An unintended consequence of those spreading the false impression that Ron Paul somehow holds racial views will undoubtedly create sympathy among those who don't care about the issue. It may even succeed in creating support from those who were the original target audience of those passages (i.e. the paleo "redneck outreach" as it was called). We're talking about Republican primary voters here - not the political junkies or bloggers or other nitpickers and meticulous evaluators of the news.
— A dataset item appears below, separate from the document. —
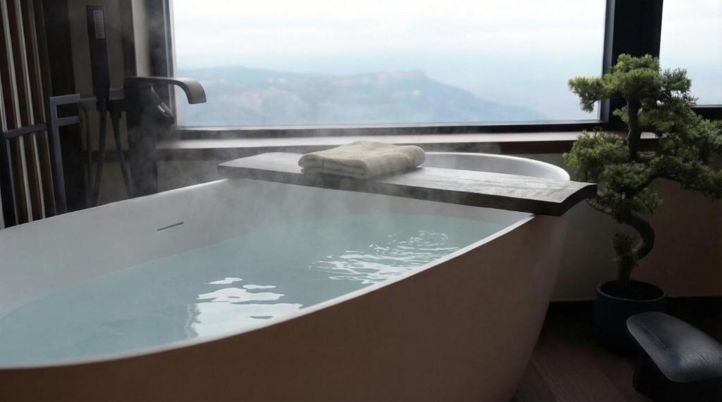 Guests will have a special experience as this apartment features a hot tub and a fireplace. Featuring a private entrance, this apartment consists of 1 living room, 1 separate bedroom and 1 bathroom with a walk-in shower and a bidet. The apartment's kitchen, which features a refrigerator and an oven, is available for cooking and storing food. The apartment is furnished with a desk and a seating area and provides a mini-bar, a tea and coffee maker and mountain views. The unit offers 3 beds.
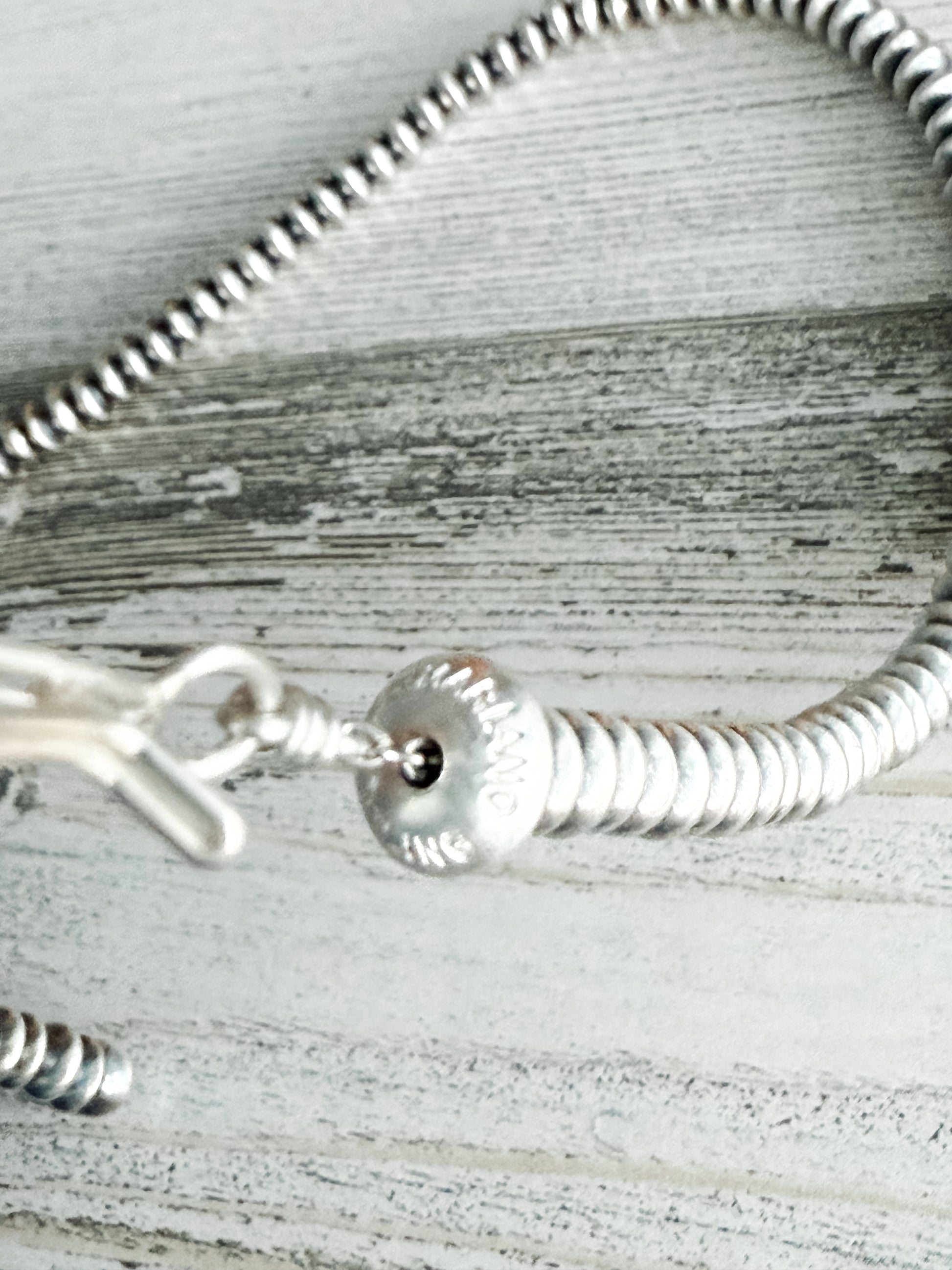 Showcase the timeless elegance of authentic Navajo pearls with this beautiful necklace by renowned Navajo artist Dorinda Mariano. Expertly crafted, this piece highlights the classic luster and sophistication of Navajo pearls, making it a versatile and stylish accessory.

Remember that
Rand Paul won the GOP Senate primary in Kentucky and the general election - even after the Civil Rights Act flap stemming from the Rachel Maddow show led to Rand falsely being accused of being a racist, even after
stating his support for the intent of the Civil Rights Act and most of its planks -- as well as stating he would not seek its repeal.
It should be noted that Governor
Gary Johnson is officially out of the GOP running and intends to seek the LP nomination - I also think he's absolutely great and have met with him and attended several of his events. Best of luck to him.
At the end of the day, Ron Paul remains the best candidate in the GOP race. By far. No one else in the running speaks out against unconstitutional wars, the financial manipulations by the banks and the Fed, the drug war, out-of-control spending and the erosion of our civil liberties.
TDW
If anything I've written is factually incorrect, I welcome any civil comments with corrections.